Old habits are hard to break. So forgive Marla Townsend for driving past the new on-campus UAB softball field Jan. 11, the first day of practice. The softball coach was headed to George Ward Park — the place where the Blazers had held every practice and played every game during its first 10 years of existence.
“I was quite embarrassed that I did that,” Townsend says. “I had in my head that I was headed to practice. I wasn’t thinking about it being at the new field.”
|An agreement struck in several years ago in Tuscaloosa will bring the University of Alabama to UAB for the women’s softball home-opener Tuesday, Feb. 23.|
Townsend and her team made it to practice in the place they can now call their own — a newly constructed field with full-sized dugouts, a state-of-the-art scoreboard and 350 spectator seats.
“When the girls walked in and stepped in that dugout — they were just so excited,” Townsend says. “There was an enormous sense of ownership and pride.”
The Blazers are practicing at the new field on 11th Street South adjacent to the UAB baseball field almost daily as they prepare for this season — the 11th in school history. Their season opener is Feb. 12 at the Mississippi State Bulldog Classic, and anticipation already is building for the Tuesday, Feb. 23 home-opener against second-ranked national power and rival Alabama at 6:30 p.m.
UAB opened the Crimson Tide’s softball stadium in 2000 and recorded the first hit, RBI and run. Several years later, Townsend told Alabama coach Patrick Murphy that she wanted the Crimson Tide to return the favor when UAB constructed its own field, and he agreed to do it.
“I’m glad we were able to make it happen,” Townsend says.
UAB’s first 10 years at George Ward Park are filled with memories — both good and bad.
But Townsend says her teams always appreciated the opportunity to play at the facility and did everything they could to help maintain it.
“The neat thing about these ladies — and it’s been this way since day one — they took pride in George Ward Park,” Townsend says. “They took care of the field, and they worked on it. They picked up trash, they raked and they worked. I think that’s why there’s a tremendous sense of ownership now with the new field. They have something they can call their own.”
Townsend saw one of the benefits of the new field the first day of practice — a scene she long has dreamed of witnessing. Midway into practice, several players from the baseball team made their way over to the field to watch.
“I just had this wonderful feeling come over me when I saw that because that’s what we want,” Townsend says. “We want to be side-by-side with baseball and soccer — all of us right there together where we can support each other.”
The new facility has recessed dugouts, bullpens for each team, storage facilities and a scorer’s platform with a public-address system.
The spacious dugouts have restrooms, a training area, power outlets and phone lines. There also are racks and additional space to hang equipment bags, and the large scoreboard in right field features a state-of-the-art LED video screen.
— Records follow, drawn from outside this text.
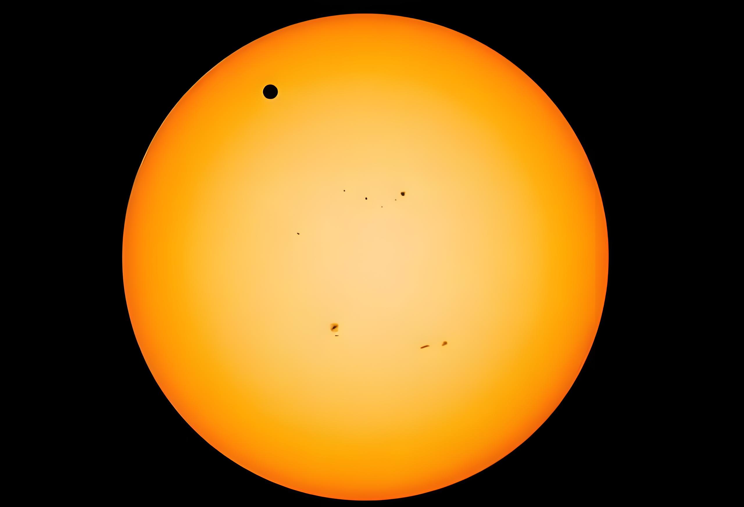 2. **行星凌日**:是指从地球观测,看到一颗内行星(水星或金星)从太阳表面掠过的情景。这种现象发生在行星位于地球和太阳之间,并且三者近乎排成一条直线时。行星凌日时,我们可以从地球上观察到一个小黑点在太阳圆面上缓缓移动。
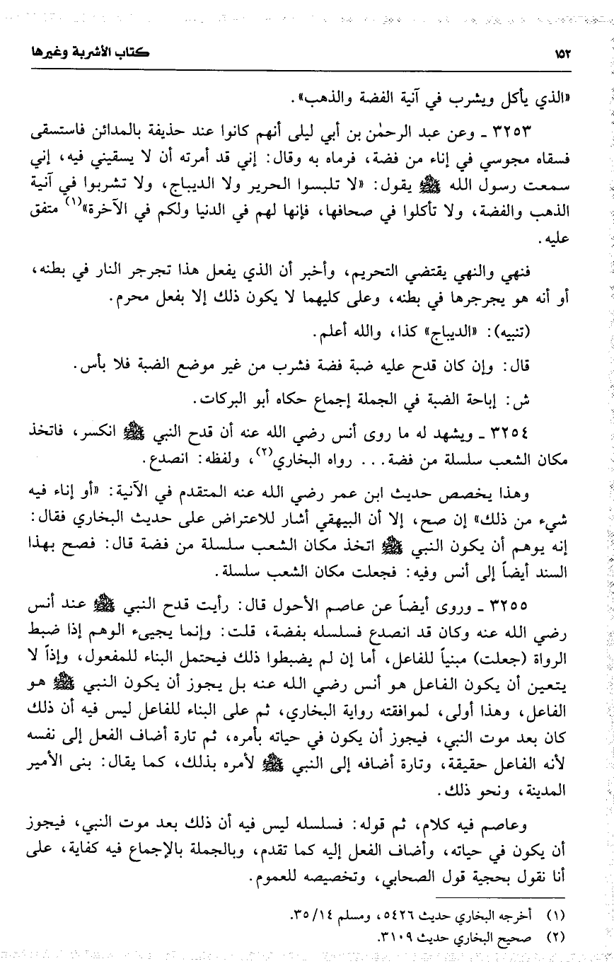 3255 وروى أيضاً عن عاصم الأحول قال : رأيت قدح النبي عند أنس رضي الله عنه وكان قد انصدع فسلسله بفضة ، قلت : وإنما يجيىء الوهم إذا ضبط الرواة ( جعلت ) مبنياً للفاعل ، أما إن لم يضبطوا ذلك فيحتمل البناء للمفعول ، وإذاً لا يتعين أن يكون الفاعل هو أنس رضي الله عنه بل يجوز أن يكون النبي هو الفاعل ، وهذا أولى ، لموافقته رواية البخاري ، ثم على البناء للفاعل ليس فيه أن ذلك كان بعد موت النبي ، فيجوز أن يكون في حياته بأمره ، ثم تارة أضاف الفعل إلى نفسه لأنه الفاعل حقيقة ، وتارة أضافه إلى النبي لأمره بذلك ، كما يقال : بنى الأمير المدينة ، ونحو ذلك .
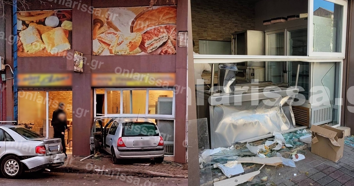 Απίστευτο τροχαίο στη Λάρισα: Αυτοκίνητο μπούκαρε μέσα σε τυροπιτάδικο
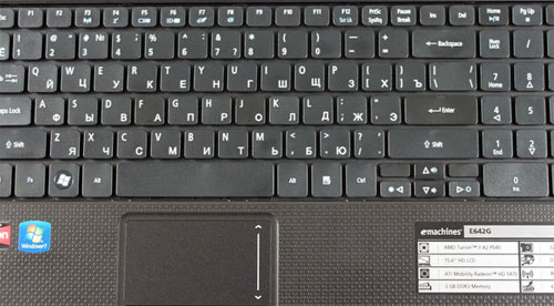 Клавиатурный блок ноутбука eMachines E642G построен по принципу островного. Иначе говоря, каждая клавиша располагается отдельно и независимо друг от друга. Все кнопки имеют крупные размеры и работают с длинным ходом. Причем, клавиши нажимаются четко и не громко.
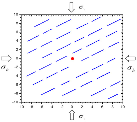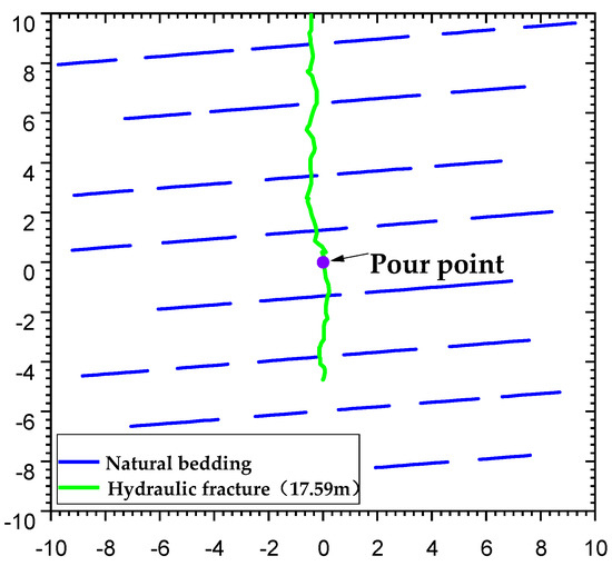 Hydraulic fractures usually produce complex fracture morphologies when expanding in shale reservoirs, while weak surfaces such as shale laminae and natural fractures present in the shale oil reservoirs can have an important impact on the hydraulic fracture expansion behavior and the final fracture distribution characteristics during fracture modification. In this paper, the expansion process of hydraulic fractures in a reservoir is simulated by using the method of globally embedded cohesive units. The modeling process requires prespecifying the distribution location and morphological characteristics of the laminar joints, so the corresponding preprocessing script files are written in the Python language, and different types of laminar joints are flexibly arranged by the idea of parametric modeling. The computational model is shown in Figure 6. The model size is 20 × 20 m, and the injection point is located at the center of the model (i.e., (0,0)). Ten laminar surfaces are initially set, and each laminar surface is composed of several microlaminates with a length distribution of 2–4 m. The laminar joints are spaced at 1–2 m, and there are 37 laminar joints in the whole model. The laminated joints have no initial opening, the angle with the x-axis is 30°, the x-direction is the minimum horizontal principal stress direction, and the y-direction is the vertical principal stress direction.
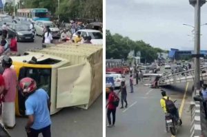 तमिलनाडु: चेन्नई में गिंडी काठीपारा ब्रिज पर रविवार को उस समय अफरा-तफरी का माहौल बन गया जब यहां स्थित साइनेज पोल अचानक चलते वाहनों पर गिर पड़ा। हादसे में एक व्यक्ति की मौत हो गई। वहीं, दो लोग घायल हुए हैं। चेन्नई ट्रैफिक पुलिस के अनुसार हादसे के बाद ब्रिज पर दोनों तरफ ट्रैफिक जाम लग गया। यहां वाहनों की लंबी कतारें लग गई।
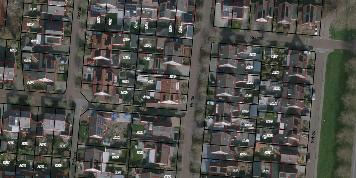 Gebruik de zoekbalk of klik op een perceel voor informatie over de adressen binnen dit perceel.
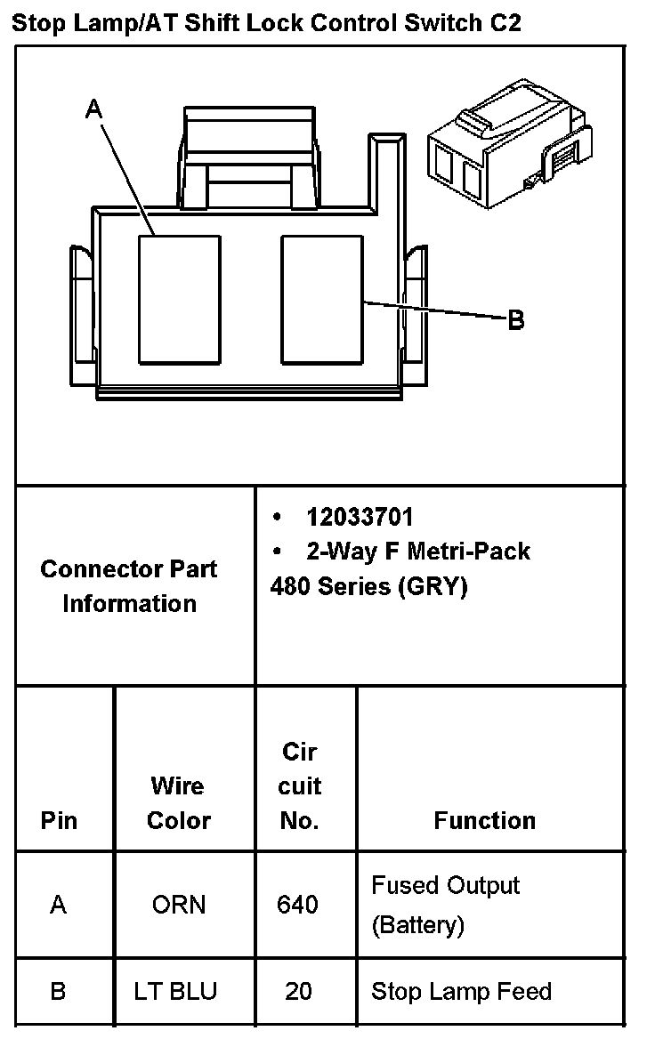 Stop Lamp/AT Shift Lock Control Switch C2:

The playing surface also is impressive. The outfield has an elaborate draining system that will enable the field to dry quickly and enhances player safety.
UAB Athletics Director Brian Mackin says the field is a reflection of years of dedication by Townsend, her coaches and players to build a quality program.
“It’s a reward to Marla Townsend and all her hard work for more than a decade, and it’s a showcase for our current and former student athletes,” Mackin says. “They’ve all been part of building a program, and now they have an on-campus stadium to show for their work.”
The softball field is part of the Phase II facility plan for athletics, which involves bringing all sports on to campus. The construction also includes new hitting facilities for the softball and baseball programs. A field house with locker rooms and offices for baseball and softball coaches will be added if private funding is secured.
Townsend not only is excited about the new stadium and the possibilities it brings, she also has a great sense of pride in her team for their accomplishments on and off the field.
UAB sophomore shortstop Catherine Douglass and fifth-year senior outfielder Martina Landrum were selected to the Conference USA 2010 Preseason All-Conference Team, marking the first time two Blazers have been selected.
Off the field, 13 of the team’s 20 members are academic scholarship recipients with four named to the President’s List and seven named to the Dean’s List. Ten Blazers were selected to the Conference USA Honor Roll (3.0 GPA) in 2009 and seven were Conference USA Academic Medal winners (3.75 GPA) — the most of any sport at UAB.
That’s one reason Townsend is hesitant to say the field is the sole reason UAB now may be more attractive to future recruits.
“The academic tradition and reputation that UAB has is the way we get the talented athletes we get,” Townsend says. “Will the field help? Yes, it’s a plus. But the academic structure that’s in place here is why they choose UAB. I am proud of the student athletes because they focus on their academics first and understand the order of their priorities.”
Townsend is working to keep her priorities in order, and she doesn’t want her team looking past the first two weeks of games before the home-opener.
Still, she’s excited about the possibilities for the Feb. 23 game.
“The environment for that first game is going to be awesome,” Townsend says. “We want to play the top teams in the country. For our athletes, it’s going to be a chance to show what we’re made of in front of a large crowd. We want to show them we’re competitive. It’s our job to bring them in here and keep it a low-scoring game and come out on top. That’s what we want to do.”